[Information shown]
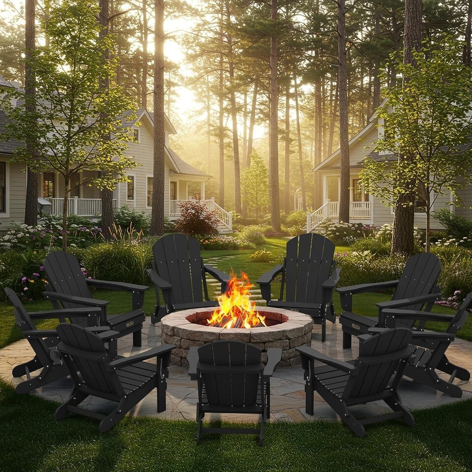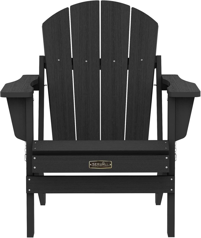 Folding Adirondack Chair Outdoor Weather Resistant Patio Garden Deck Camping - Black
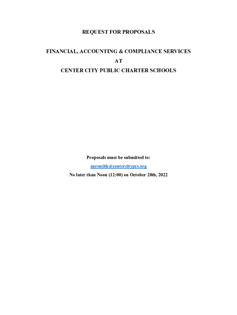 REQUEST FOR PROPOSALS FINANCIAL, ACCOUNTING & COMPLIANCE SERVICES AT CENTER CITY PUBLIC CHARTER SCHOOLSProposals must be submitted to: aprsmith@centercitypcs.org No later than Noon (12:00) on October
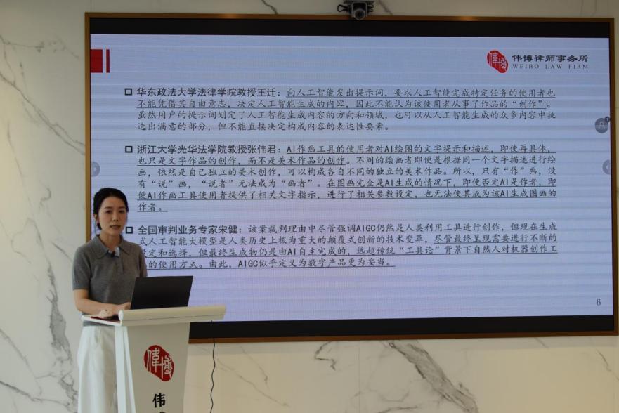 偉博律所律師曹琳娜以《AIGC司法裁判最新動(dòng)向》為題,聚焦行業(yè)前沿,深入分析了近期備受關(guān)注的“春風(fēng)案”和“蝴蝶椅案”背后的核心問題。曹琳娜認(rèn)為,司法實(shí)踐需認(rèn)真審視AI軟件用戶與AI軟件的交互關(guān)系,審慎考量作品性質(zhì),并從法律要件的角度進(jìn)行分析定性,而“蝴蝶椅案”對AIGC產(chǎn)業(yè)的發(fā)展和對AIGC產(chǎn)物的應(yīng)用與保護(hù)作出了有益探索。
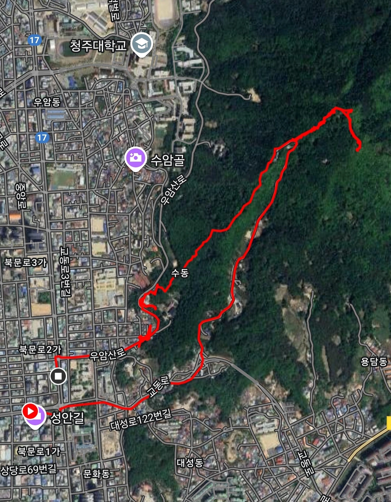 선물로 주려고 가지고 온 책을 다 주고 나니 가방은 텅 비었다. 이제 나 홀로 청주 시내에서 가장 가까운 산인 우암산으로 향한다. 511번 버스를 타고 도청 앞에서 내렸다. 성안로는 청주의 로데오거리인데 그 앞을 지났다. 상당공원을 지나 점차 오르막을 오르기 시작했다. 기나긴 골에는 문수암, 대현사 같은 사찰이 있었다. 포장도로가 끝나니 방송 송신소가 보였다. 우암산 정상은 거기서 그리 멀지 않았다. 정상 못 미쳐 전망대에 올라서니 청주 시내 전망이 탁 트였다. 전망대를 내려와 좀 더 걸으니 이번엔 청주 동쪽의 산악 지대가 펼쳐져 있었다. 국립청주박물관 부근에 드넓은 주차장이 내려다 보였다. 청주향교쪽으로 내려갈까 삼일공원쪽으로 내려갈까 하다가 삼일공원쪽을 택했다. 해발 353m. 그리 높은 산은 아니지만 그렇다고 낮지도 않다. 등산도로 곳곳으로 나 있다. 겨우 두 방향만 경험했는데 다른 방향으로 가볼 날도 있으리라. 청주향교쪽이나 청주박물관쪽이나 청주대학교쪽이나.
[/Information shown]
Work request: The required answer is an exact copy of the lines from the one containing "偉博律所律師曹琳娜以《AIG" through the last line of the material, with the pictures removed.

Expected answer:
 偉博律所律師曹琳娜以《AIGC司法裁判最新動(dòng)向》為題,聚焦行業(yè)前沿,深入分析了近期備受關(guān)注的“春風(fēng)案”和“蝴蝶椅案”背后的核心問題。曹琳娜認(rèn)為,司法實(shí)踐需認(rèn)真審視AI軟件用戶與AI軟件的交互關(guān)系,審慎考量作品性質(zhì),并從法律要件的角度進(jìn)行分析定性,而“蝴蝶椅案”對AIGC產(chǎn)業(yè)的發(fā)展和對AIGC產(chǎn)物的應(yīng)用與保護(hù)作出了有益探索。
 선물로 주려고 가지고 온 책을 다 주고 나니 가방은 텅 비었다. 이제 나 홀로 청주 시내에서 가장 가까운 산인 우암산으로 향한다. 511번 버스를 타고 도청 앞에서 내렸다. 성안로는 청주의 로데오거리인데 그 앞을 지났다. 상당공원을 지나 점차 오르막을 오르기 시작했다. 기나긴 골에는 문수암, 대현사 같은 사찰이 있었다. 포장도로가 끝나니 방송 송신소가 보였다. 우암산 정상은 거기서 그리 멀지 않았다. 정상 못 미쳐 전망대에 올라서니 청주 시내 전망이 탁 트였다. 전망대를 내려와 좀 더 걸으니 이번엔 청주 동쪽의 산악 지대가 펼쳐져 있었다. 국립청주박물관 부근에 드넓은 주차장이 내려다 보였다. 청주향교쪽으로 내려갈까 삼일공원쪽으로 내려갈까 하다가 삼일공원쪽을 택했다. 해발 353m. 그리 높은 산은 아니지만 그렇다고 낮지도 않다. 등산도로 곳곳으로 나 있다. 겨우 두 방향만 경험했는데 다른 방향으로 가볼 날도 있으리라. 청주향교쪽이나 청주박물관쪽이나 청주대학교쪽이나.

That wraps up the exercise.